Built on top of HTTP/2, gRPC leverages features such as bidirectional streaming and built-in Transport Layer Security (TLS). gRPC enables more efficient communication through serialized binary payloads. It uses protocol buffers by default as its mechanism for structured data serialization, similar to REST’s use of JSON.

Unlike JSON, however, protocol buffers are more than a serialized format. They include three other major parts:

  • A contract definition language found in .proto files (We’ll follow proto3, the latest protocol buffer language specification.)
  • Generated accessor-function code
  • Language-specific runtime libraries

The remote functions that are available on a service (defined in a .proto file) are listed inside the service node in the protocol buffer file. As developers, we get to define these functions and their parameters using protocol buffers’ rich type system. This system supports various numeric and date types, lists, dictionaries, and nullables to define our input and output messages.

 

These service definitions need to be available to both the server and the client. Unfortunately, there is no default mechanism to share these definitions aside from providing direct access to the .proto file itself.

This example .proto file defines a function to return a product entry, given an ID:

syntax = "proto3";

package product;

service ProductCatalog {
    rpc GetProductDetails (ProductDetailsRequest) returns (ProductDetailsReply);
}

message ProductDetailsRequest {
    int32 id = 1;
}

message ProductDetailsReply {
    int32 id = 1;
    string name = 2;
    string sku = 3;
    Price price = 4;
}

message Price {
    float amount = 1;
    string currencyCode = 2;
}
Snippet 1: ProductCatalog Service Definition

The strict typing and field ordering of proto3 make message deserialization considerably less taxing than parsing JSON.

Comparing REST vs. gRPC

To recap, the most significant points when comparing REST vs. gRPC are:

 RESTgRPC
Cross-platformYesYes
Message FormatCustom but generally JSON or XMLProtocol buffers
Message Payload SizeMedium/LargeSmall
Processing ComplexityHigher (text parsing)Lower (well-defined binary structure)
Browser SupportYes (native)Yes (via gRPC-Web)

Where less-strict contracts and frequent additions to the payload are expected, JSON and REST are great fits.
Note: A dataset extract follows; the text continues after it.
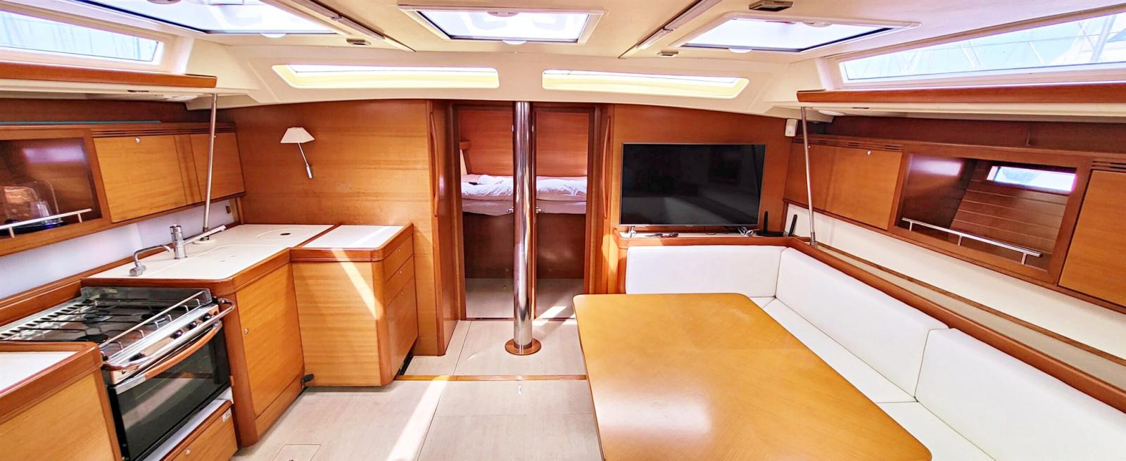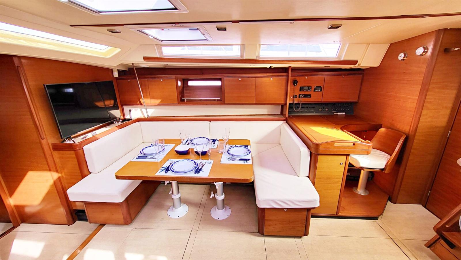 4 cabines, 4 salles de bain, cabine skipper avec salle de bain. NOUVEAU moteur Yanmar de 110 ch remplacé en décembre 2022. Nouvel onduleur. Nouvelle hélice en acier titane Ewol. Gréement neuf fin 2022. Drisses et écoutes neuves. De nouvelles bouées de sauvetage. Bimini. Capote. Coussins

When contracts tend to stay more static and speed is of the utmost importance, gRPC generally wins out. In most projects I have worked on, gRPC has proved to be lighter and more performant than REST.

gRPC Service Implementation

Let’s build a streamlined project to explore how simple it is to adopt gRPC.

Creating the API Project

To get started, we will create a .NET 6 project in Visual Studio 2022 Community Edition (VS). We will select the ASP.NET Core gRPC Service template and name both the project (we’ll use InventoryAPI) and our first solution within it (Inventory).

 

Un cuadro de diálogo "Configure su nuevo proyecto" dentro de Visual Studio 2022. En esta pantalla, escribimos "InventoryAPI" en el campo Nombre del proyecto, seleccionamos "C:\MyInventoryService" en el campo Ubicación y escribimos "Inventario" en el campo Nombre de la solución . Dejamos "Colocar la solución y el proyecto en el mismo directorio" sin marcar.

 

Now, let’s choose the .NET 6.0 (Long-term support) option for our framework:

 

Un cuadro de diálogo de información adicional dentro de Visual Studio 2022. En esta pantalla, seleccionamos ".NET 6.0 (soporte a largo plazo)" en el menú desplegable Framework. Dejamos "Habilitar Docker" sin marcar.

 

Defining Our Product Service

Now that we’ve created the project, VS displays a sample gRPC prototype definition service named Greeter. We will repurpose Greeter’s core files to suit our needs.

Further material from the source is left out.